These two disqualification decisions come from the same federal district judge in the same week applying the same test — but with different outcomes.

The first case involves a dispute over “who owns the rights to Cat Story, a free mobile application (‘app’) in which players build a virtual village for cats shipwrecked on an island and send the cats on various quests and adventures.”  The lawyer previously represented the gaming company, Game Garden, “in a 2013 dispute among Game Garden’s four then-owners involving the same intellectual property [then called PussyVille instead of Cat Story] and . . . in connection with the September 2013 sale agreement that is the subject of Plaintiffs’ cause of action for breach of contract.”  The lawyer claimed, however, that she did not represent the gaming company (but only two of the then-owners) and that the representation did not bear a substantial relationship to the current dispute over the rights to the game.  The lawyer’s claim not to have represented the company fell flat because the lawyer had referred to herself as the company’s lawyer in a letter and an email and had billed the company for her services.  It did not matter to the court that the company may not have been the lawyer’s “primary client.”  Moreover, the court concluded that the lawyer “played an integral role in drafting, revising, and finalizing the very sale agreement that Plaintiffs now allege was breached . . . .”  Because the court thus found a substantial relationship between this matter and the former matter, the court “automatically” disqualified the lawyer without considering further factors and gave the plaintiffs twenty-one days to find successor counsel or show cause why the case should not be dismissed.  The full opinion is available here: Epikhin v. Game Insight N. Am., No. 14-CV-04383-LHK (N.D. Cal., May 12, 2015).

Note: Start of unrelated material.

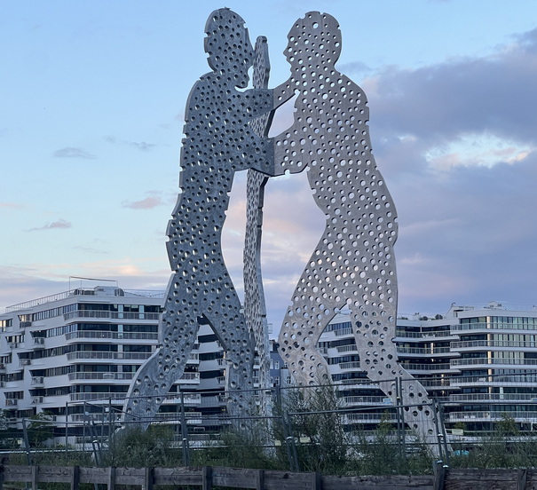 تصمیم گرفتیم تا قبل از تاریک شدن کامل هوا ، از تندیس فلزی Molecule Man که در وسط رودخانه اشپره ساخته شده است، بازدید کنیم. این تندیس شامل مجسمه سه انسان غولپیکر آلومینیومی سوراخدار 30 متری است که در نور خورشید و انعکاس آب جلوهای درخشان پیدا میکند. شکل بدنها به گونهای است که گویی در حال حرکت و ادغام با یکدیگرند.

The next day, the district judge again analyzed a substantial relationship, this time involving a lawyer who had served as a board member and executive director of an autism school from 1996-2005.  The plaintiff-student in the current matter claimed that from 2010-2012, the defendant-school committed various torts against the student.  The lawyer eventually associated as co-counsel for the student.   The court first struggled with whether the substantial relationship test applied at all because the lawyer had served the school as a director, not as a lawyer.  But because previous California cases had applied a similar substantial relationship test (arising in part from a continuing fiduciary duty of confidentiality to the school), the court applied the test.  Given that the lawyer’s tenure on the board and as the executive director did not overlap with the student’s time at the school (indeed, the lawyer had resigned five years before the student enrolled), the court found very little related, much less substantially related, to the present matter.  The court did note that the lawyer “exercised discretionary authority for [the school] and was intimately familiar with [the school]’s operations.”  But to the court the lawyer’s general knowledge was insufficient: any financial information of the school is available to the public or likely discoverable, any ten-year-old litigation strategy would hardly be helpful to the student, and “even assuming [the lawyer] did acquire knowledge regarding the inner-workings of [the school] from 5-10 years ago, Defendants failed to establish how this knowledge would be related to the specific injuries and abuses suffered by” the student.  Accordingly, the court denied the motion to disqualify the lawyer.  The full opinion is available here: McElroy v. Pac. Autism Ctr. for Educ., No. 14-CV-04118-LHK (N.D. Cal., May 13, 2015).


Interestingly, the apparently active Northern District of California actually issued not just two but four disqualification-related orders last week.  In the third order, the district court, sua sponte, ordered briefing on whether a plaintiff’s lawyer should be disqualified for serving as both a lawyer and a witness.  In reviewing a motion for summary judgment and the parties’ related factual submissions over three years after the case had been filed, the judge viewed a video surprisingly showing the plaintiff’s lawyer present at the very same school protest at issue.  (This suit involves the way in which UC-Berkeley and others handled the Occupy Cal protests.)  The judge’s DQ briefing order is available here: Felarca v. Birgeneau, No. 11-cv-05719-YGR (N.D. Cal., May 12, 2015).  Finally, in the fourth order, the district court refused to disqualify a lawyer who had once advised the plaintiff “how to best negotiate an executive agreement” with potential employers.  Because the current matter instead involved the plaintiff’s discrimination and defamation claims against a later employer, the court found the two matters “wholly unrelated.”  The full order is available here: Somers v. Digital Realty Trust, Inc., No. C-14-5180 EMC (N.D. Cal., May 15, 2015).